** DATASET EXCERPT follows **

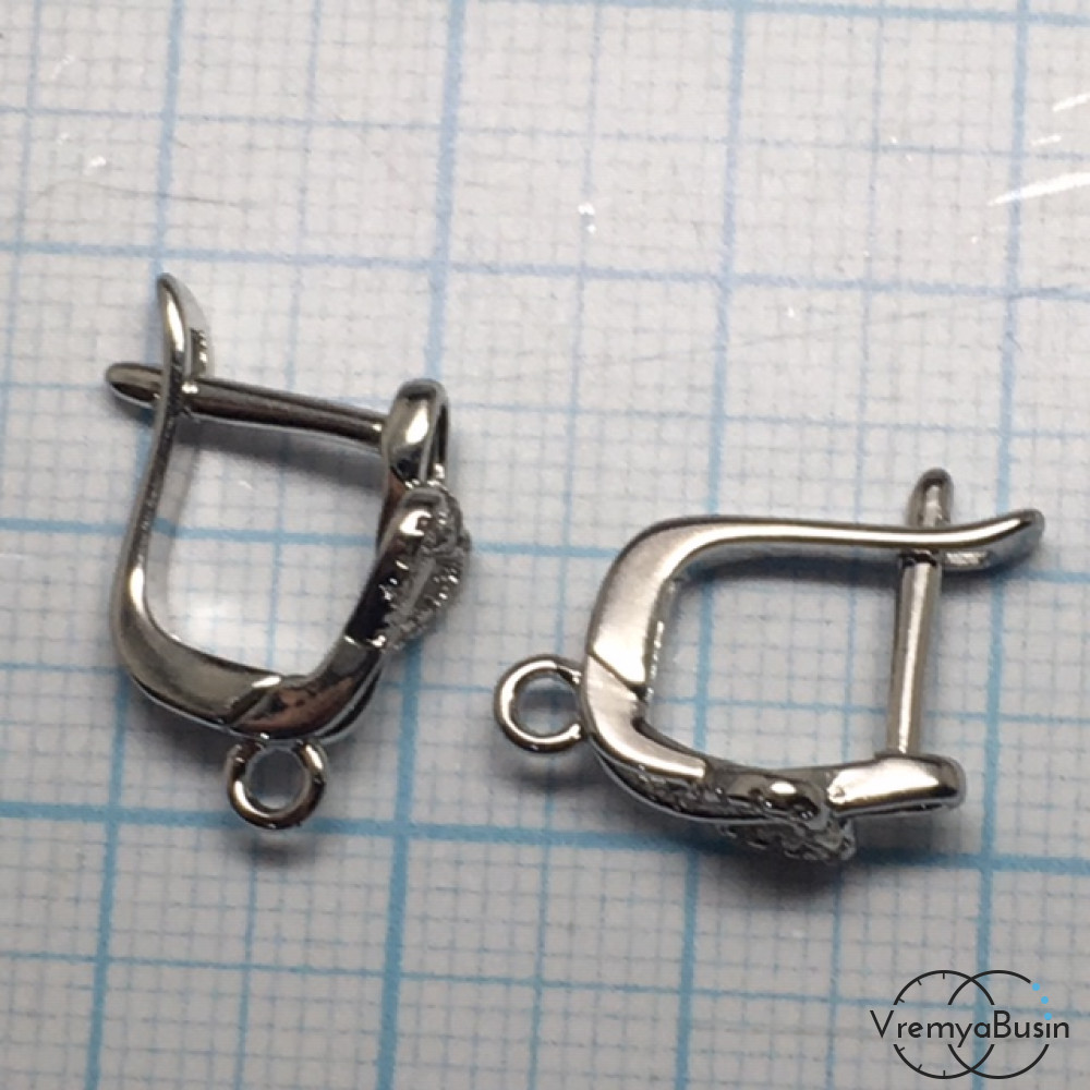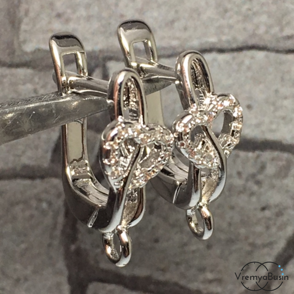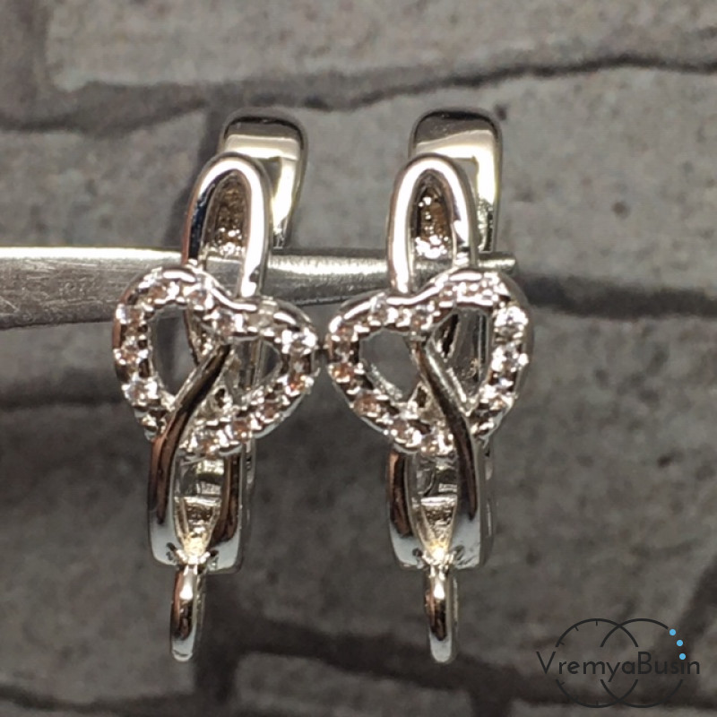 Швензы с английским замком. Латунь с родиевым покрытием и фианитами
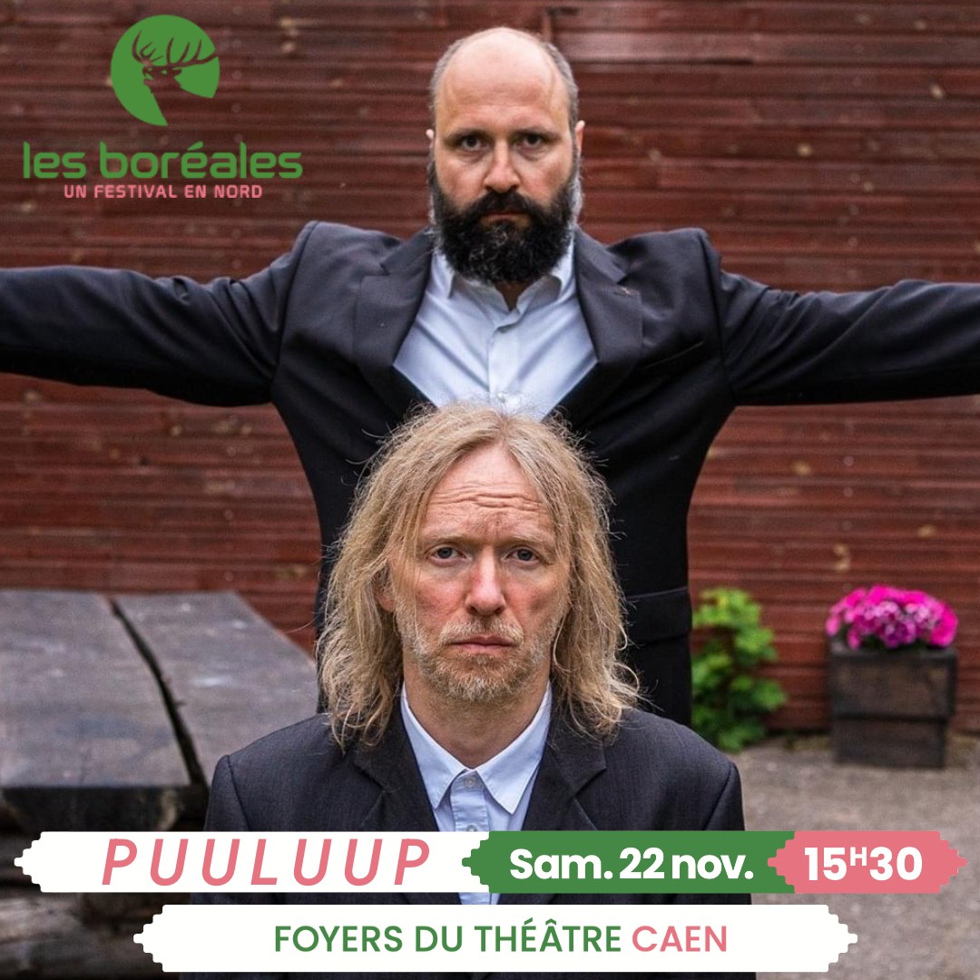 Le samedi, toujours, place à Puuluup dans les foyers du Théâtre de Caen, à 15h30. Le duo mêle musique traditionnelle et électronique, oscillant en permanence entre héritage et modernité. Tantôt dansant, porté par un rythme pulsé presque hypnotique, tantôt cinématographique et suspendu, leur univers joue avec le temps, l’espace et l’humour discret qui les caractérise.
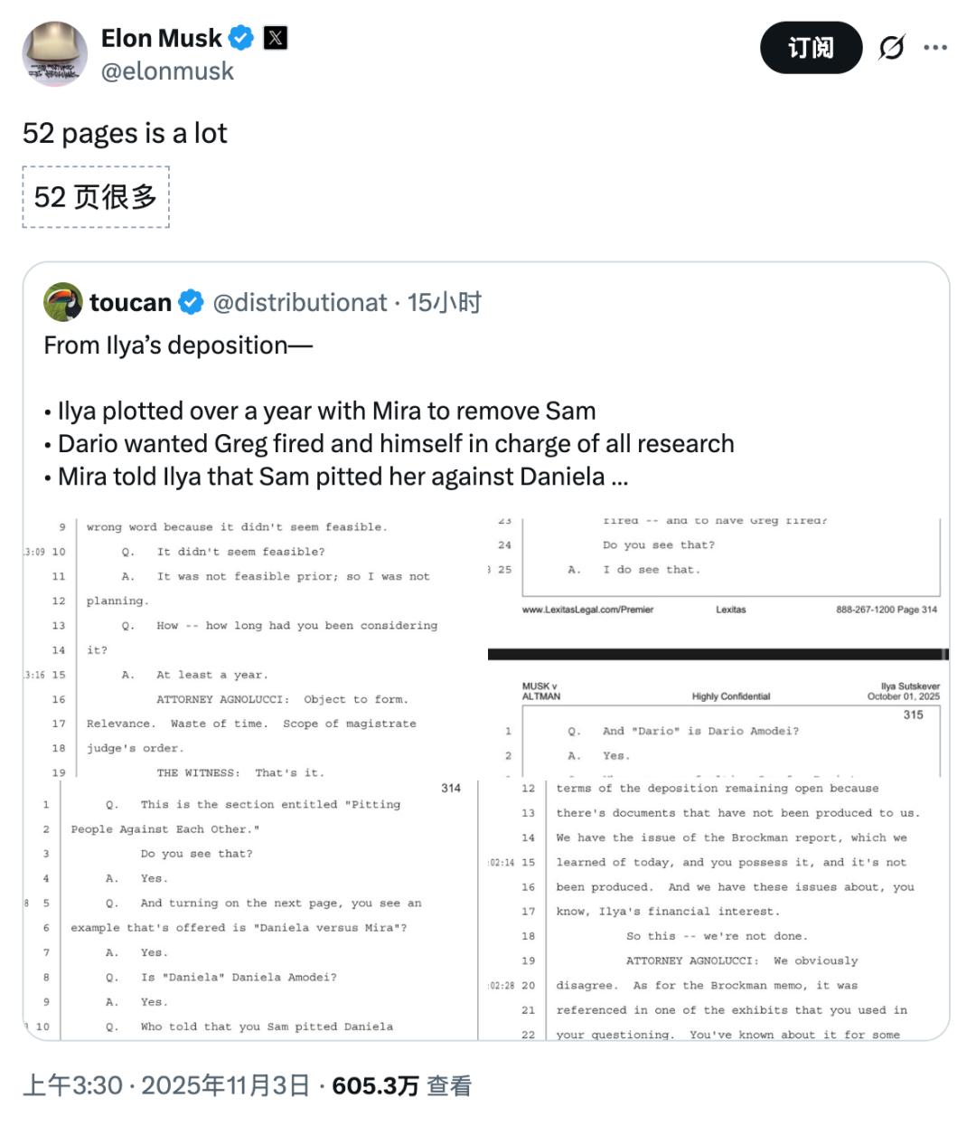 马斯克、奥特曼X上再开撕,Ilya最新52页证词曝光,抖出OpenAI更多内幕

** End of DATASET EXCERPT **

TASK INSTRUCTIONS – Please repeat all of the data exactly, excluding images.

RESULT OF THIS TASK –
 Швензы с английским замком. Латунь с родиевым покрытием и фианитами
 Le samedi, toujours, place à Puuluup dans les foyers du Théâtre de Caen, à 15h30. Le duo mêle musique traditionnelle et électronique, oscillant en permanence entre héritage et modernité. Tantôt dansant, porté par un rythme pulsé presque hypnotique, tantôt cinématographique et suspendu, leur univers joue avec le temps, l’espace et l’humour discret qui les caractérise.
 马斯克、奥特曼X上再开撕,Ilya最新52页证词曝光,抖出OpenAI更多内幕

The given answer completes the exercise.